# What model is this.



## chicosalgueiro (Oct 7, 2007)

First of all, let me introduce myself after all, this is my first post. Student, daily commuter (10 miles) in Europe. I use a mountainbike but am changing to roadcycling. I was looking for some old bike to get me going...I found a Colnago. i know, i know..great history It has a good price. Could you please help me find the correct date and model of the bike. 
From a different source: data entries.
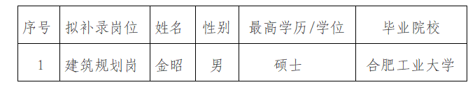 2023年建筑规划岗校园招聘拟补录人员公示名单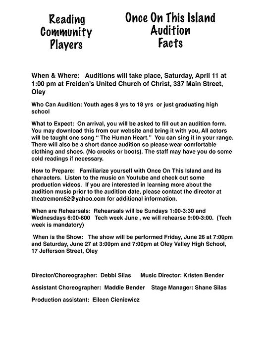 These four narrators tell the story of the Once On This Island Junior. They can be female or male. These four roles are perhaps the most difficult of the show. Not only do they sing the bulk of the show, they also tell the story.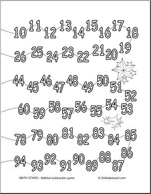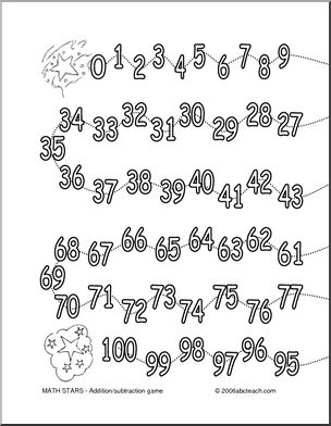 This Math Stars Board Game (b/w) is perfect to practice addition and subtraction skills. Your elementary grade students will love this Math Stars Board Game (b/w). Practice addition and subtraction to (or from) 100 with this simple board game.
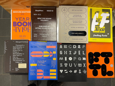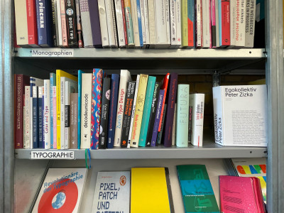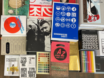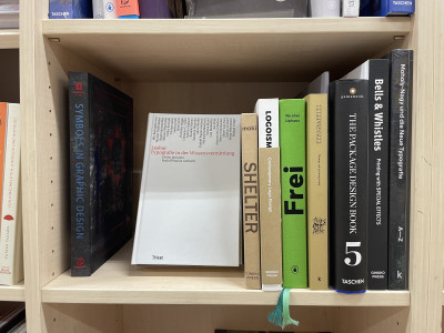 Handy selection of typography books in the bookshop right next to Künstlerbedarf Modulor. Unfortunately, some titles are shrink-wrapped and therefore not viewable.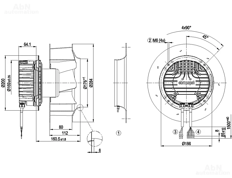 Тип: вентилятор центробежный; Количество лопастей: 7; Двигатель: M3G084-DF; Тип напряжения: DC; Номинальное напряжение, V: 110; Скорость, min-1: 3600; Степень защиты: IP 55; Температура эксплуатации, С: -40…80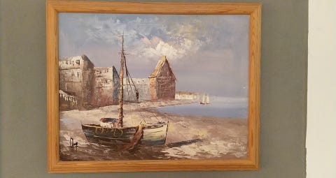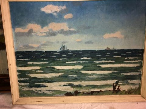 "Dønniger og skibe". Oljemaleri.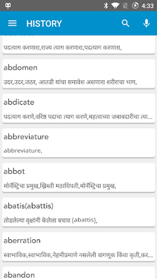 - Settings: you can customize the dictionary by adjusting text size, setting English/Marathi word color, facility of daily notification, by setting notification time, setting option for clearing history and option for clearing favorites.

The seller said it has 8 spd Campagnolo and it has around 9 yrs. 

Thank you for your help.

Francisco


----------



## tmluk (Sep 19, 2005)

I need a closer look at the top-tube and down-tube shape, i.e. profile of the tubes. I also need to look at the tube decal on the seat-tube.
From the look of it, it is an early 90's Colnago with straight steel forks but not with the later generation of rear drop-outs.
Specifically which model, I need the above details.


----------



## odeum (May 9, 2005)

my rough guess is superissmo, the slx tubed workhorse of the 90's.






chicosalgueiro said:


> roadcycling. I was looking for some old bike to get me going...I found a Colnago. i know, i know..great history It has a good price. Could you please help me find the correct date and model of the bike.
> 
> Francisco


----------



## boneman (Nov 26, 2001)

*Superissimo*

I would concur with that conclusion. SL, SLX and Brain, it had a very long production run. Not likely another model based on the paint scheme unless the DT has ribs in which case it may be a Conic SLX.


----------



## Squeegy200 (Dec 1, 2005)

Around that time period Colnago made a model called the "Elegant" 
It used Nivacrom steel which is marked by the sticker indicating Columbus EL/OS. It came in three color options 1 Team Wordperfect 2 Red 3 Yellow

It looked very similar to the frameset pictured and judging by the component selection, it would put that frameset near that era.

Soon after that they made a similar frameset called the "Altain" It was distinguished with the Columbus Brain tubing sticker. However, I've not found anything that would indicate it was available in red.


----------